# diy slatwall



## JustLikeJames (Feb 14, 2014)

I came across plans from Woodsmith Shop for a slatwall system. They just screw a bunch of french cleats to 3/4 plywood and then fasten the whole assembly to the wall. 
Here's my question. Why not attach the cleats directly to the wall. You would only have to buy half the amount of plywood this way. I think the whole point of diy "slatwall" is saving some money.

Thanks.


----------



## sepeck (Jul 15, 2012)

Well, consider that there might be situations where you want to reduce the number of screws in your wall?
Perhaps you don't have a level wall? 
Perhaps you have a stud wall?

You could paint it red and hang it in a bedroom or something.

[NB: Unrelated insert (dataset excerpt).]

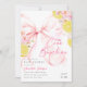 Celebre a alegre chegada de uma garotinha com nosso convite para chá de fraldas "Ciao Bambina". Esta carta encantadora apresenta flores aquáticas delicadas e cor-de-rosa macio e pastel e cordas de limão, e um arco ilustrado de forma elegante.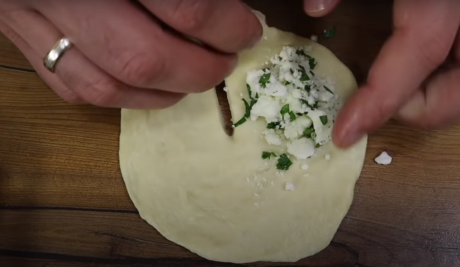 W tym samym czasie można pokroić zioła i wymieszać je z serkiem śmietankowym, chyba, że ktoś ma ochotę na inne nadzienie, to wszystko zależy od preferencji. Następnie ciasto należy uformować w długi rulon i podzielić je na mniejsze kawałki.

Mine are secured to one of the walls in my garage directly but I need to sheet rock the other wall before I can put something there.


----------



## JustLikeJames (Feb 14, 2014)

Thanks. I don't think my wife would allow them in the bedroom, lol, but I do like the idea of being able to relocate them (if I move) as assembled panels. My walls are drywalled already though and I could use the savings on other shop stuff. Decisions, decisions.

Thanks again.



> Well, consider that there might be situations where you want to reduce the number of screws in your wall?
> Perhaps you don t have a level wall?
> Perhaps you have a stud wall?
> 
> ...


----------